4  Notation conventions

NoteLearning objectives

After completing this chapter, you will be able to:

  • Read and write vectors, matrices, and scalars using standard notation
  • Interpret subscript and superscript conventions for indexing
  • Recognize common mathematical symbols used throughout the book
  • Navigate between mathematical notation and code implementations

Throughout this book, we use the following conventions:

We denote element \(i\) of vector \(\mathbf{v}\) as \(v_i\) or \([\mathbf{v}]_i\). Element \((i,j)\) of matrix \(\mathbf{A}\) is \(a_{ij}\) or \([\mathbf{A}]_{ij}\).

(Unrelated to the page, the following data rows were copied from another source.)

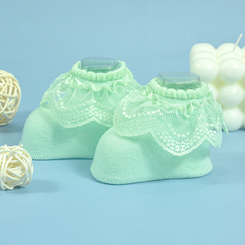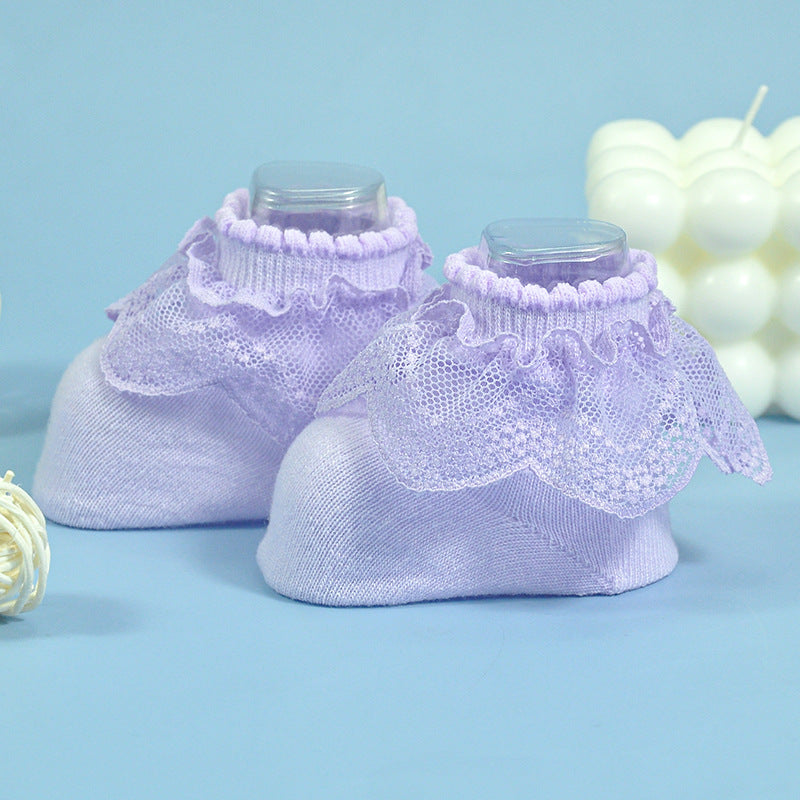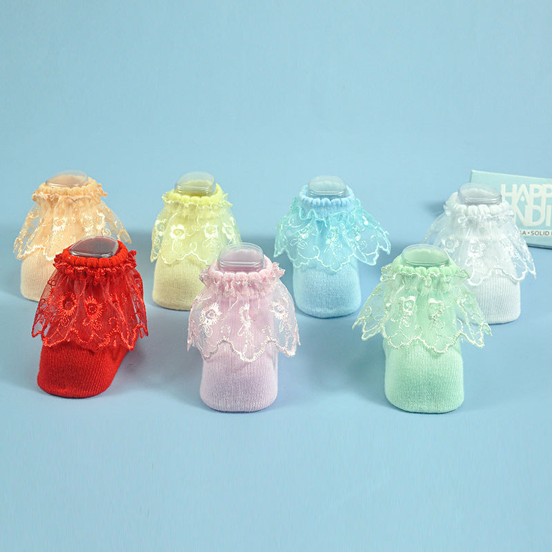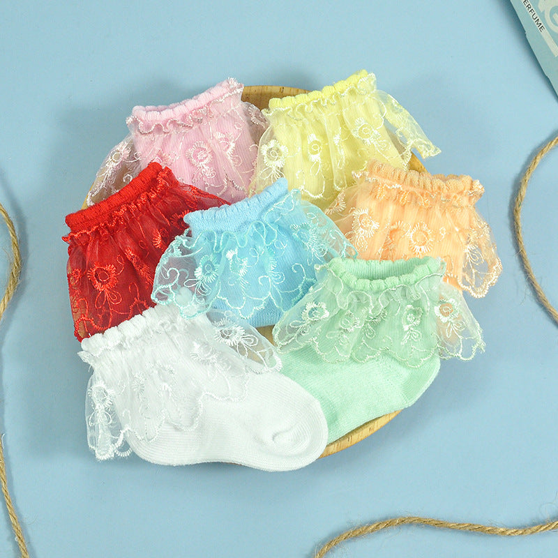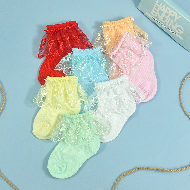 Children's socks macaron color soft lace socks solid color embroidery lace edge girls socks baby soft cotton socks
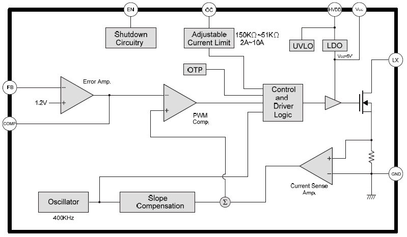 檢測(cè)通過(guò)LX 與GND 之間MOS 電流,也就是電感峰值電流,觸發(fā)過(guò)電流會(huì)將佔(zhàn)空比縮小,限制電感電流,輸出電壓也會(huì)降低;當(dāng)佔(zhàn)空比50%以上觸發(fā)OCP,為了讓PWM 穩(wěn)定方波,IC內(nèi)部做斜率補(bǔ)償,佔(zhàn)空比越大OCP 會(huì)降低,透過(guò)外部電阻R3 調(diào)整OCP,R3 選用參考以下圖表,電阻值150kΩ~51kΩ,OCP 2A~10A,OC Pin 不能空接。
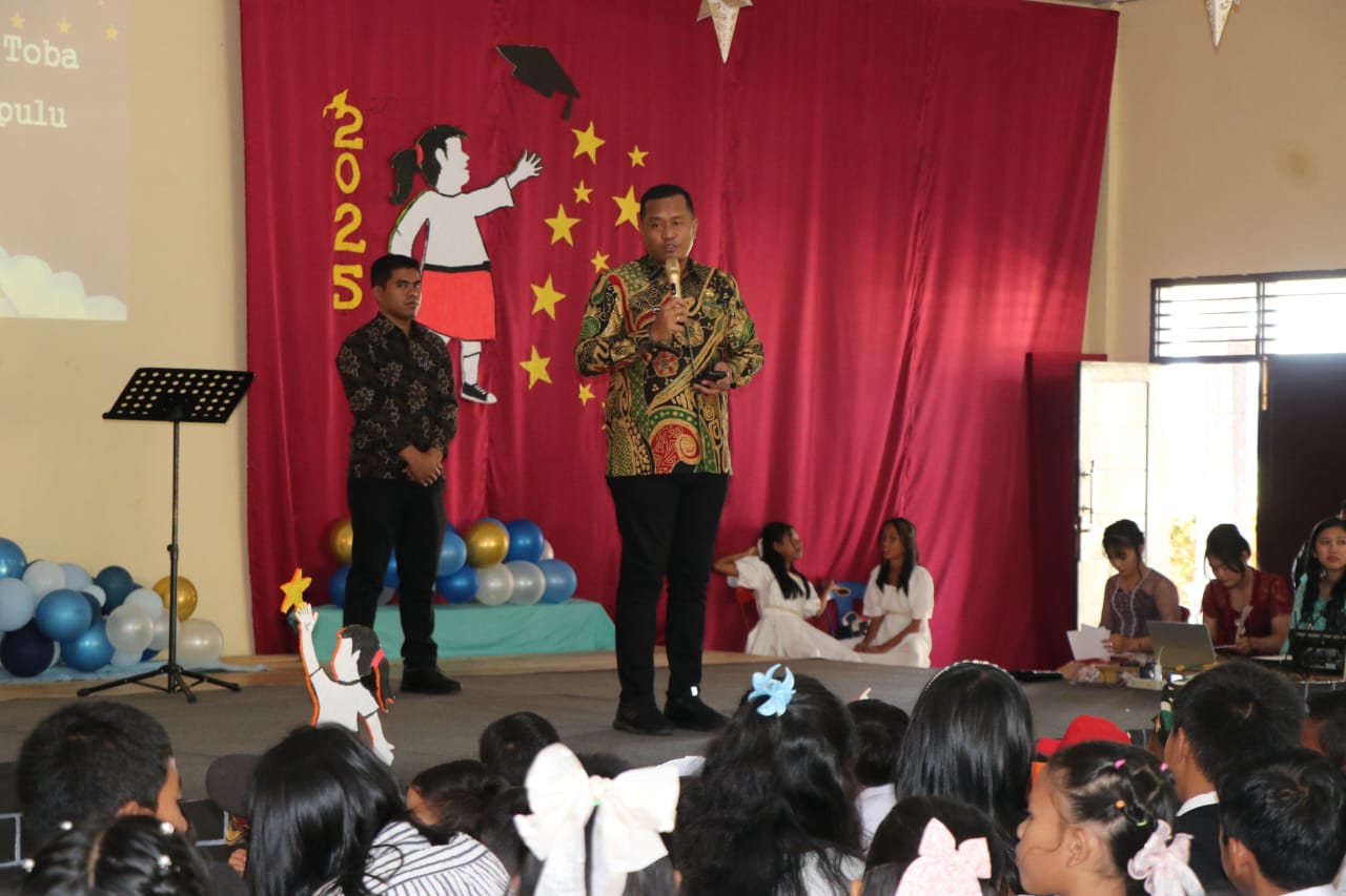 Pesan ini disampaikan Bupati Effendi saat menghadiri acara pelepasan siswa TK B dan Kelas VI Yayasan Rumah Harapan Tobasa, di Auditorium Yayasan Rumah Harapan Tobasa, Jalan Gereja, Desa Silamosik II, Kecamatan Bonatua Lunasi, Kamis (12/6/2025). Ia hadir bersama Bunda PAUD Kabupaten Toba, Ny. Astita Effendi Napitupulu.
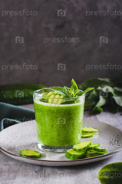 Освежающий смузи из огурца и мяты в стакане на столе, вертикальный вид
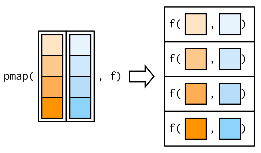 pmap()supply a list to iterate over any number of arguments in parallel.
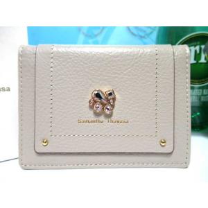 送料無料 サマンサタバサ キラキラ ビジュー付 ロゴ入 牛革 二つ折り パスケース カード入れ 定期入れ グレージュ 新品 証明書付 ギフト包装無料 新生活 お祝い
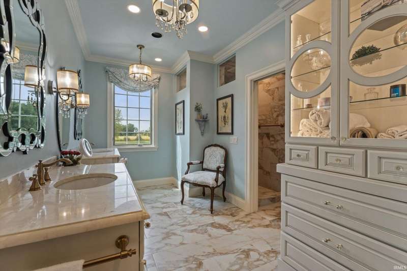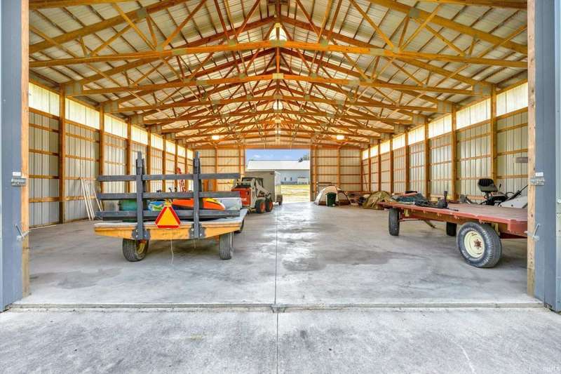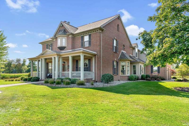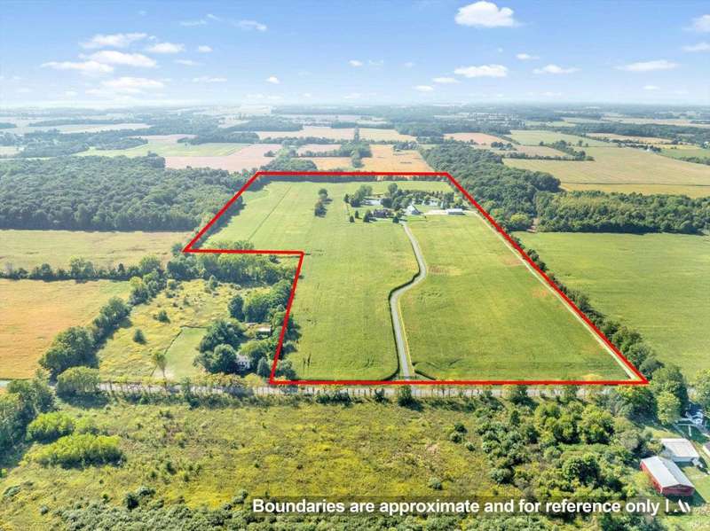 Experience the perfect blend of luxury, privacy, and functionality on this exceptional 70-acre estate in Lakeville, IN. Built in 1996 by Rans Custom Builders, the custom brick home features 5 bedrooms, 4 full and 2 half baths, and finished basement, all set on approximately 70 acres with a pool, private pond, high quality Morton barns, and stunning outdoor living spaces. Interior highlights include 9' ceilings, hardwood floors, beautiful millwork, updated kitchen with Ayr cabinetry, granite countertops & high-end appliances. Spacious primary suite & secondary bedrooms with recently remodeled en-suite bathrooms and walk-in closets. Enjoy a resort-style backyard with a saltwater gunite pool & jacuzzi. The property includes two Morton barns (one commercial-grade), a greenhouse, stocked pond with two piers, fenced frontage, and - 2 quarter-mile driveways. Additional amenities: geothermal heating/cooling, full-farm generator, irrigation system, surround sound, security system, and 51 tillable acres under a cash rent agreement. Located just south of South Bend and 90 minutes from Chicago, with access to LaVille or John Glenn schools. This is an exceptionally rare opportunity to own an exquisite turn-key rural estate. See property details in the attached "Features" document.
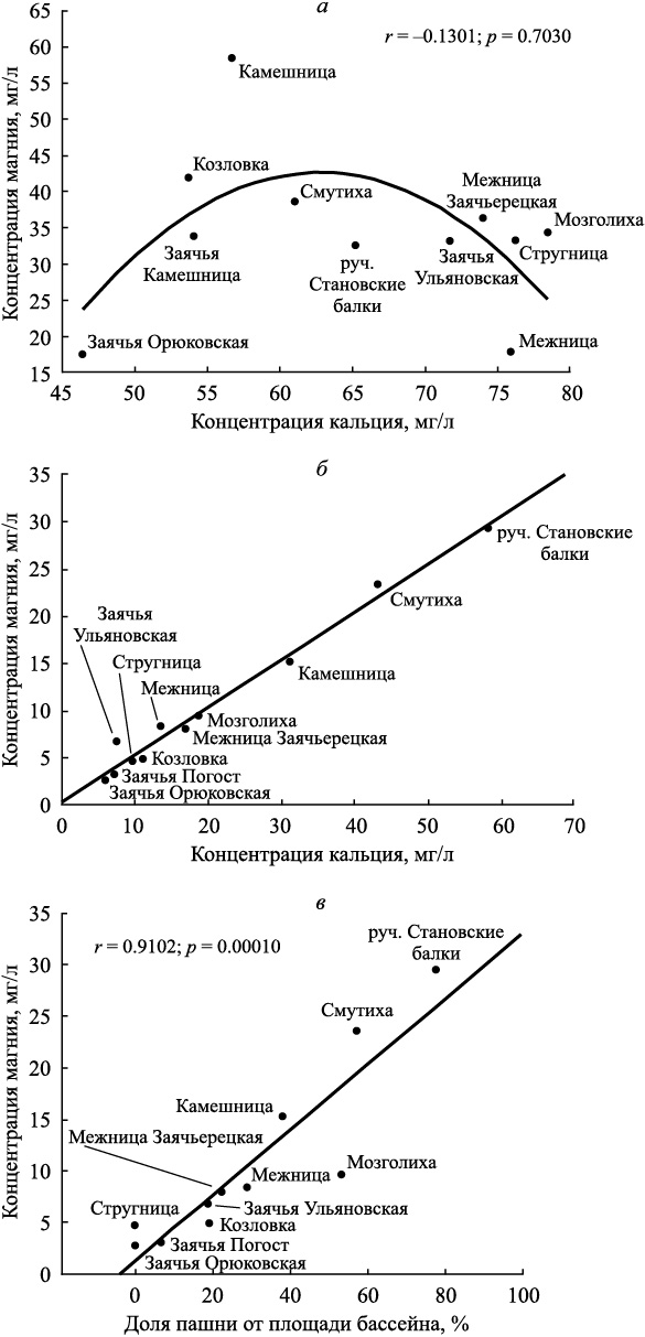 Концентрации ионов магния в постоянных водотоках в весенний и осенний многоводный период прямо пропорциональны доле пашен и обратно пропорциональны доле лесов в бассейне (рис. 3, в). Особенно сильный скачок характерен при снижении лесистости до 7—8 % и росте распаханности до 64—82 % в бассейнах рек Смутихи, Становской балки, Камешницы. Следовательно, при господстве поверхностного стока во время весеннего снеготаяния общим источником этих ионов являются размываемые карбонатные почвы крутых склонов. В зимнем стоке рек (почти целиком связанным с подземным питанием) источники магния и кальция различаются — соответственно пермские мергели и карбонатная московская морена.
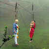 Trekking enthusiast Jaydeep Jadhav married Reshma Patil while on a temporary 350-foot-long three-line ropeway in Kolhapur. The couple and a priest hung from the three ropes overhead as they performed the rituals on Sunday (July 31) over the 250-foot-deep Jakhani valley, 70km from Kolhapur. (BCCL)See more of :
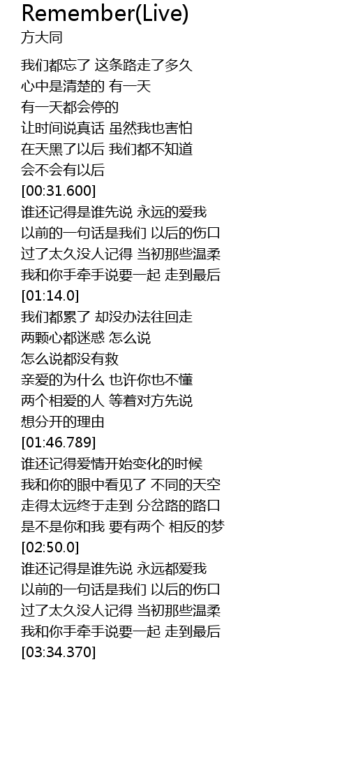 | [03:01.0] | 谁还记得是谁先说 永远都爱我 |

We write \(\mathbf{a}_i\) for the \(i\)-th column of \(\mathbf{A}\) and \(\mathbf{a}_{i:}\) for the \(i\)-th row (as a row vector).

4.1 Common sets

  • \(\mathbb{R}\): real numbers
  • \(\mathbb{R}^n\): \(n\)-dimensional real vectors
  • \(\mathbb{R}^{m \times n}\): \(m \times n\) real matrices
  • \(\mathbb{N}\): natural numbers \(\{0, 1, 2, \ldots\}\)
  • \(\mathbb{Z}\): integers

4.2 Functions and operators

  • \(\|\mathbf{v}\|\): Euclidean norm (default is \(L^2\))
  • \(\|\mathbf{v}\|_p\): \(L^p\) norm
  • \(\langle \mathbf{u}, \mathbf{v} \rangle\) or \(\mathbf{u} \cdot \mathbf{v}\) or \(\mathbf{u}^T\mathbf{v}\): dot product
  • \(\nabla f\): gradient
  • \(\mathbb{E}[X]\): expectation
  • \(\text{Var}(X)\): variance
  • \(\text{softmax}(\mathbf{z})\): softmax function
  • \(\log x\): natural logarithm (base \(e\))
  • \(\log_2 x\): logarithm base 2

4.3 Asymptotic notation

  • \(f(n) = O(g(n))\): \(f\) grows no faster than \(g\)
  • \(f(n) = \Omega(g(n))\): \(f\) grows at least as fast as \(g\)
  • \(f(n) = \Theta(g(n))\): \(f\) and \(g\) grow at the same rate

4.4 Code conventions

In code examples, we use Python with NumPy and PyTorch. Matrix dimensions are often shown as comments, e.g., (batch_size, seq_len, d_model).


This completes our review of prerequisites. We’ve covered the essential linear algebra, calculus, and probability needed to understand transformers deeply. In the next chapter, we’ll apply these tools to build the foundations of neural networks.